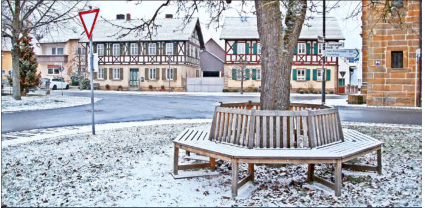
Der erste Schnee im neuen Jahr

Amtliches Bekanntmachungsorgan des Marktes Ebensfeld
═══
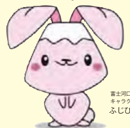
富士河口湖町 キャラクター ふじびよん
═══
How to complete this task:
Retype exactly the lines above, from the one with "Der erste Schnee im neuen Jahr" through the one with "Amtliches Bekanntmachungsorgan des", inclusive.

Solution to the exercise:
Der erste Schnee im neuen Jahr

Amtliches Bekanntmachungsorgan des Marktes Ebensfeld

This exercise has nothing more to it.